In my library, almost everything is noexcept. I mainly wanted everything to be testable in constexpr mode; therefore, I added a custom error encoding for making the string an error value. But, if anyone wants exceptions, that's easy to do with a wrapper (or a different class, but I currently really like noexcept, so I won't do that for now).

Allocators (Advanced Users Only)

While a generic implementation could allow any allocators, because of the amount of templates in it, I made my library with an optional constexpr friendly pmr-like allocator. The string would be 8 bytes more with it, but it's beneficial for some contexts. Everything is noexcept in its API, and a failure is a simple nullptr return. The Allocator object (memory resource like) needs to outlive the string object, its copies, and its views, i have a safe way of providing such allocators ( the Allocators are refrence counted, which is opt-out, but the benefit is that if a allocator is destroyed in debug mode, the assertion ensure that no polymorphic refrences are alive , if not , the debug will crash on assertion, this is better than a security vulnerability, but , the reference counting is opt out if the user suspected overhead with doing a reference counted allocator). i have both constexpr friendly memory resources , and a standard pmr adaptor if anyone is interested.

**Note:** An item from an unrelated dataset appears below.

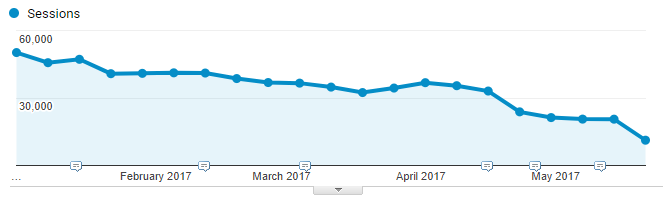 Adhere to these principles, and it’s often possible to achieve a dramatic reduction in the level of direct traffic reported in Analytics. The following example involved an HTTPS migration, GTM migration (as part of an Analytics review), and an overhaul of internal campaign tracking processes over the course of about 6 months:

why not the standard allocator?

the string class in integrated with my highly customizable allocator module that allows very precise content over the heap.

reasons for my polymorphic allocator design, that gives almost all control of heap management to the implementation of the allocator( the criticism of the standard allocator) :

no constexpr support for pmr .
the pmr monotonic allocator has virtual call indirections : my base allocator has a "monotonic-cache", this is basically some pointers that point to a continuous memory region , almost always , we can allocate in that region without a virtual call, but occasionally, the region gets full and we do a call , and in that call , the "monotonic-cache" would be replaced with a new one , and the old one would go back to the allocator for management.
no nothion of allocator.alloca(...),allocator.freea(...) : my base allocator has an "stack-like-cache", it doesn't allocate on the stack directly, but instead, uses a preallocated memory region in the base class to use as stack , almost always this is inline , unless if the stack frills up , as a fallback , the virtual allocate would be called, this too can work like the monotonic cache where it replaces the region with a fresh one , and gets back the old one to manage. a very important note about these two functions is that the call order of them Matters , any freea should always free the last thing that alloca returned , but this is an ok restrictions, because the normal allocate methods dont have such restrictions. an important thing is that the failure of the alloca function is perfectly valid, unlike the unsafe program stack functions.
pmr allocators dont propagate on move and copy (mine dose propgate ).
the deafult vtable entries cant be null : in my vtable, a null entry meanas a default inline implementation of that entry , a common case for example would be is_equal(other) , that almost always compares the pointers , and if it didnt , it could do a virtual call .
cannot tell the Allocator to allocate more than needed, ( the exact size is usually rounded, but the delta is wasted).
cannot grantee thread-safety.
has no notion of owning a block ( chained allocators are very hard).
has no idea of the property of the allocated block ( we cant fail fast , we cant say that this is a common size of our nodes , we cant say that we can afford more time for less fragmentation, ect...).
no alignment requirement for char.
is a template pram, the types are always different, so much workaround for nonexistent problems ( a memory resource handle throwing exception on move or copy ) .
the Allocator type ( template pram) has unpredictable size.
compiler cannot Optimize try and catch away, because they rely on the stack unwinder , but nullptr checks are easy.
my library cant throw exceptions in some platforms that i use it in ( esp32 , ect) , ( platform doesn't matter for the code tho, only endian-ness ).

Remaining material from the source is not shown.